На другой день, напившись кофе, отправились далее. За Вязёмой нас встретил Васильевский староста и проселком проводил вплоть до барского дома, стоявшего на Марьинской горе, почти против села Васильевского.
Васильевское {Васильевское продано было Иваном Алексеевичем Яковлевым племяннику его, Николаю Павловичу Голохвастову, потом перешло к графине Александре Сергеевне Паниной, супруге графа Александра Никитича Панина.
Когда эта часть моих записок была уже передана в редакцию "Русской старины", я получила печальное известие, что графиня Александра Сергеевна кончила жизнь, исполненную добра и любви к ближнему. Васильевское она передала внуку своему и крестнику князю Щербатову, старшему сыну своей дочери. (Прим. Т. П. Пассек.)} находится против того берега Москвы-реки, на котором стоит Кунцево и Архангельское. Иван Алексеевич, объехавший почти всю Европу, говорил, что мало видал мест живописнее Васильевского.
С Марьинской горы и из некоторых комнат стоявшего на ней нового дома виднелись река, за ней село, церковь среди зелени, старый, полуразрушенный дом с садом и на несколько верст крутом деревеньки, усадьбы, горы, засеянные поля, пересеченные рощами и лесами.
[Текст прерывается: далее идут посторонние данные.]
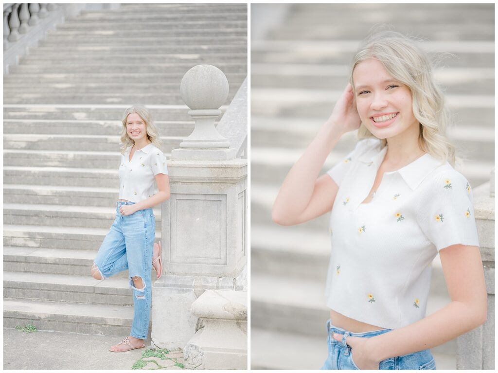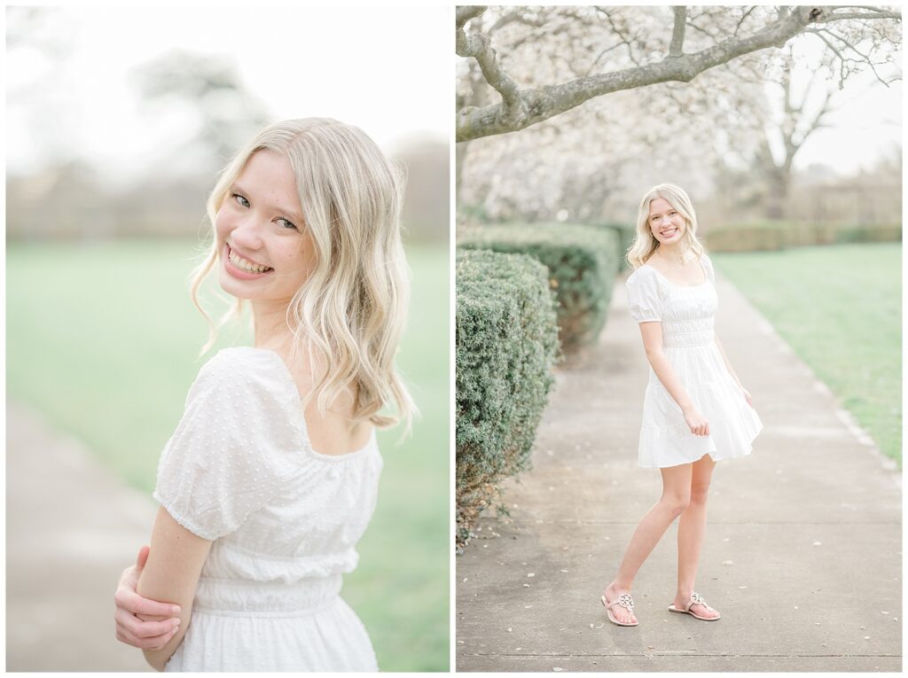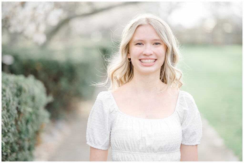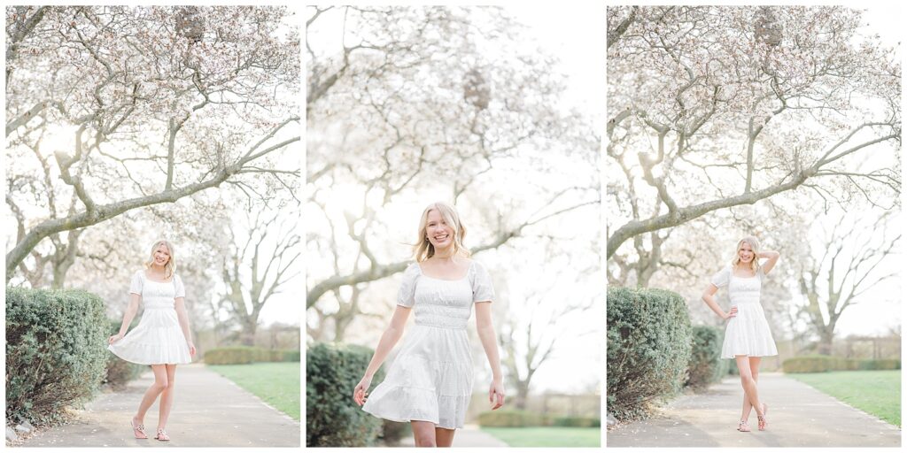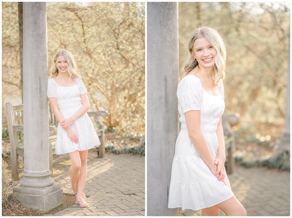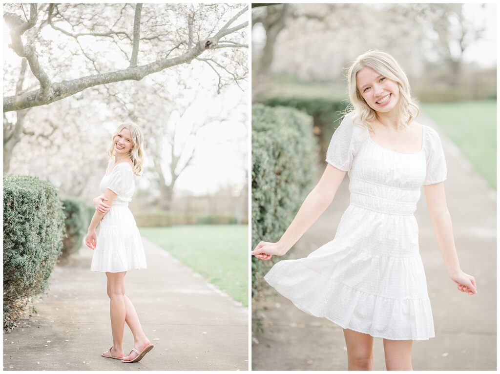 We started the session in a casual outfit on the steps and pavilion area, taking advantage of the early-season access before the wedding tents go up. Grace then changed into the cutest white dress, which paired beautifully with the blooming florals around the park.

Новый дом стоял на Марьинской горе одиноко, около него не было ни двора, ни надворных строений. С одной стороны его огибал глубокий овраг, поросший тальником, крапивой и чертополохом, по окраинам которого лепились, свесившись над ним, старые ветлы да небольшая кухня. Противоположно оврагу, перед фасадом дома, гора отлогой покатостию тянулась до столетней липовой рощи. С правой стороны дома она крутым обрывом спускалась к реке, а против всего низменного берега, на котором стоит Васильевское, простиралась горной возвышенностью, местами поросшей лесом.
Перед домом, по так называемому двору, росло несколько больших кустарников и развесистых деревьев; в густой, цветущей траве, покрывавшей гору, виднелись протоптанные узенькие тропинки.
Дом был новый, выстроенный из крупного соснового леса, ни снаружи, ни внутри не оштукатуренный. В нем пахло смолой, местами вытекавшей из стен янтарными каплями и нитями. Комнаты были светлы и довольно просторны. Они казались еще просторнее от того, что в них было очень мало мебели, и то самой простой. Комната Саши была в мезонине, там стояла его некрашеная кровать с сыромятным тюфяком, широкая липовая лавка и такой же стол, да два-три стула и полка для книг. Я помещалась внизу, в небольшой комнате с итальянским окном, подле которого стоял сосновый столик и стул. За неимением кровати, я спала на полу, на двух сложенных вместе тюфяках.